Single Molecule Analysis of Transcription in Live Cells Reveals the Gene Regulatory Function of MYC In Vivo

Abstract

We seek to determine how the MYC oncogene modulates gene transcription kinetics with single-molecule imaging techniques.Thirty-five years after the discovery of MYC and despite intensive research effort, there is still little understanding of how this transcription factor acts or why it is an oncogene. Several models have recently emerged that cast doubt on the prevailing view of MYC as a gene-specific transcription factor and instead envision its oncogenic mechanism as a global amplifier or invader of enhancer regions. We seek to evaluate these hypotheses of MYC function and shed light on the in-vivo behavior of this transcription factor by determining how MYC modulates the kinetics of transcription events in single cells using single-molecule RNA fluorescence in-situ hybridization (RNA FISH) and live cell imaging of transcription.Our initial results testing the effect of MYC overexpression on an exogenous reporter gene in U2-OS cells shows that MYC increases the saturation level of the reporter dose response, indicating that MYC is able to act as a general amplifier without the need of enhancer regions.
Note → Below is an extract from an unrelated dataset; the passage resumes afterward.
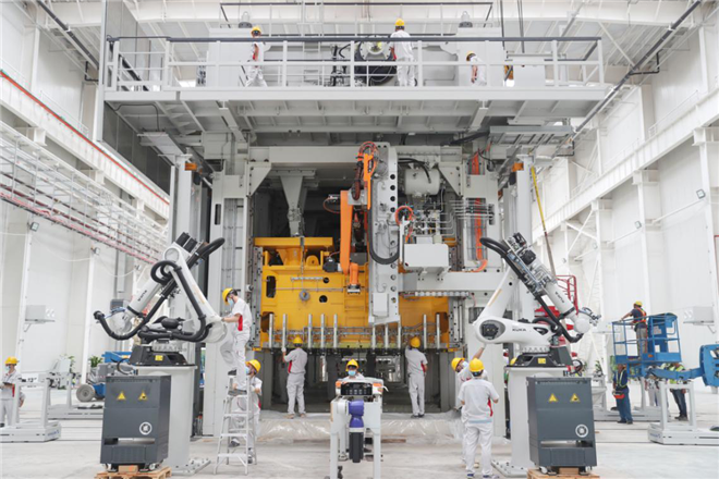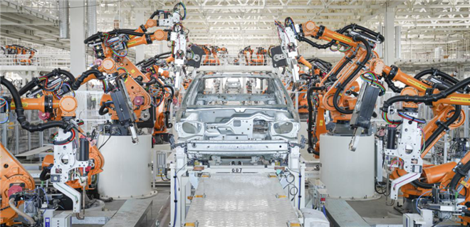 均按照工業4.0標準建設的兩大基地,采用世界最先進的裝備、世界最先進的工藝,實現世界最先進的智能制造,全面達產后能做到每分鐘生產1輛車。目前,基地已全線進入設備安裝調試階段,裝配2545臺智能機器人,通過鏡頭就足以讓人仿佛置身于科幻世界。

Unexpectedly however, the positive correlation between MYC and reporter RNA levels in the population is not reflected at the single cell level. This data suggests that static measurements of RNA abundance in single cells - such FISH or RNA-Seq - needs to be interpreted within a framework that explicitly takes into account the dynamic nature of transcription events. Further, as a way to directly assess the effect of the MYC protein on the transcription behavior of reporter genes, we engineered a photo-activatable version of MYC (PA-MYC) to achieve spatial and temporal control of the transcription factor within living cells. This shall allow us to follow the direct response of the transcription in response to MYC perturbation.